Ao mesmo tempo, sua dívida continuou a crescer devido às consequências econômicas do Covid, que reduziram ainda mais suas já escassas receitas fiscais, enquanto suas despesas, especialmente no âmbito sanitário, aumentaram.

Para fazer face à situação, entre abril de 2020 e junho de 2021, os 73 países da IDA continuaram a bater à porta dos credores públicos e privados. E embora faltem dados sobre o aumento total de sua dívida, pode-se dizer que somente dos organismos multilaterais receberam outros 65 bilhões em novos empréstimos. Com o fim da suspensão de pagamentos acordada pelo G20, os países mais pobres se verão em um gargalo. Pelos cálculos da Eurodad, nos próximos três anos, de 2022 a 2025, os 73 países IDA, juntos, terão que desembolsar US $ 115 bilhões para pagar suas dívidas. Destes, 71,5 ficarão a cargo dos 46 países que solicitaram a suspensão, que no entanto terão que somar os 10,9 bilhões que evitaram pagar nos anos de 2020 e 2021.

Daí o grito de alarme de Kristalina Georgieva, diretora do FMI que em um comunicado de 2 de dezembro alertou que “a conclusão do período de suspensão do serviço da dívida e o provável aumento das taxas de juros colocarão os países mais pobres em crescente dificuldade financeira”. E acrescentou que as dificuldades ligadas à Covid levarão 60% dos países pobres à beira do colapso financeiro. O comunicado continua com um convite a tomar iniciativas para evitar essa perspectiva catastrófica, mas o caminho indicado não parece à altura da situação.

A única coisa que o Fundo prospecta é a implementação do chamado Common Framework, uma iniciativa tomada na reunião do G20 em novembro de 2020, como continuação do projeto de suspensão do serviço da dívida que termina em 31 de dezembro deste ano. Literalmente Common Framework significa “estrutura comum” e pretende aludir precisamente ao desejo de enfrentar as dificuldades financeiras dos países mais pobres com decisões comuns, não cada um por si. O procedimento prevê que caso um país solicite a revisão de sua dívida, todos os credores convergem em um comitê comum que analisa o pedido e estabelece, com base na situação específica, se deve limitar-se a uma reestruturação da dívida, ou seja, uma reformulação dos prazos de restituição da dívida, se proceder ao cancelamento de parte dela, ou se assumir outras iniciativas.
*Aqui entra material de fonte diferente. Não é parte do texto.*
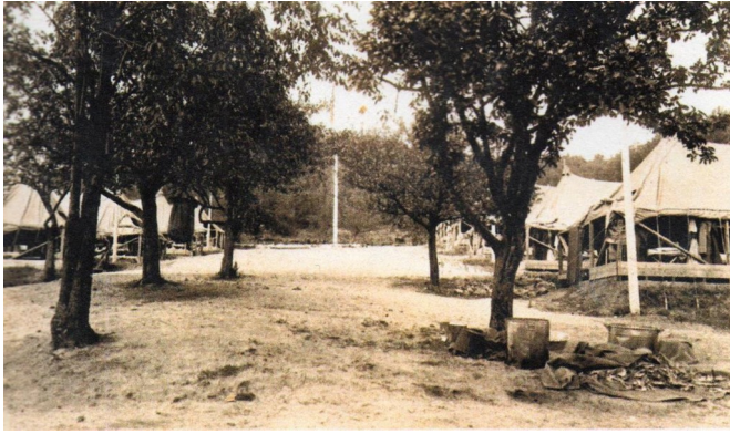
Civilian Conservation Corps Camp 55.
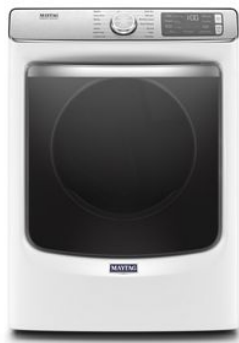
ALSO AVAILABLE / STEP UP MED8630H

Be sure to tune into your customers' shopping priorities to bundle products across categories
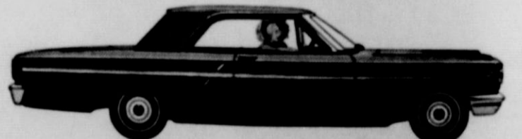
'64 Fairlane—new family car with sports car feel!
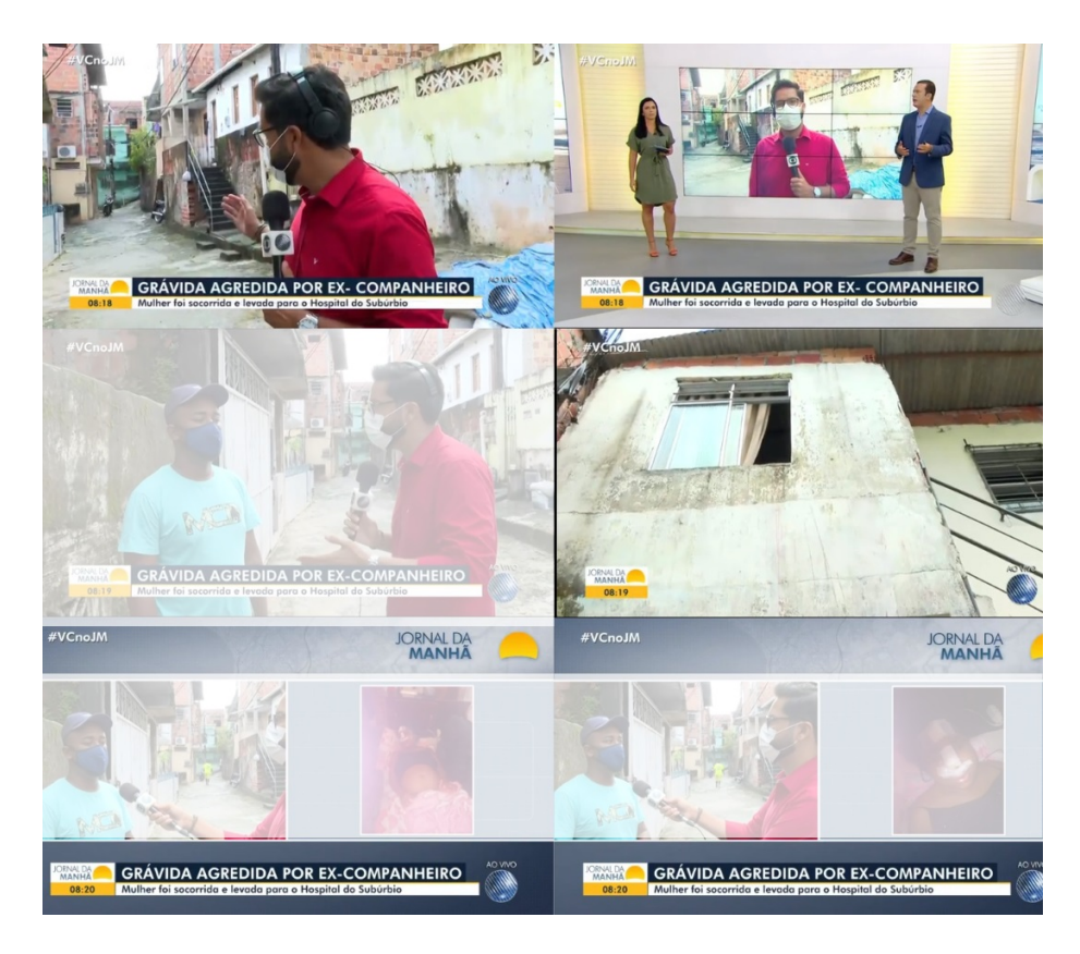
Figure 4: Taypi III: TV Bahia report broken down as an example of the exploitation of Black pain

Note. Prepared by the authors based on articles from March 7, 2021 (Bahia Meio Dia, 2022). Translation: "pregnant woman assaulted by ex-partner".
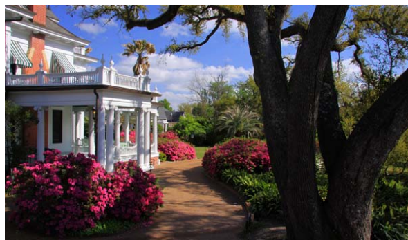
McFaddin Ward House

Na conclusão do processo de revisão, do qual também participam o Fundo Monetário e o Banco Mundial, será elaborado um acordo entre credores e devedores, chamado Memorandum of understanding, que especifica os empenhos de uma parte e da outra.

Infelizmente, esses tipos de acordos não gozam de boa reputação, porque no passado sempre foram usados como ocasião para impor políticas econômicas de tipo liberal aos países devedores. O Memorandum assinado pela Grécia com a União Europeia é uma prova disso. Para complicar ainda mais a situação, os países devedores também devem se esforçar para obter benefícios dos credores privados, mas todas as tentativas feitas até agora nessa direção, inclusive dos organismos multilaterais, não deram frutos.

Em suma, o procedimento é longo, complexo e sem nenhuma garantia de sucesso. Talvez seja também por esta razão se, neste momento, apenas três países solicitaram uma revisão da sua dívida: Etiópia, Chade e Zâmbia. Mas por enquanto nenhum deles chegou ao fim do percurso e teremos que esperar mais para entender se o Common Framework representa um ponto de virada ou se é mais um mecanismo para salvar a cara, mas não a humanidade.

As variantes da Covid que se desenvolvem onde a vacinação não é implementada por falta de fundos, ou seja, nos países mais pobres, acabam se virando contra todos, inclusive os ricos. Seria melhor se nos lembrássemos disso com mais frequência.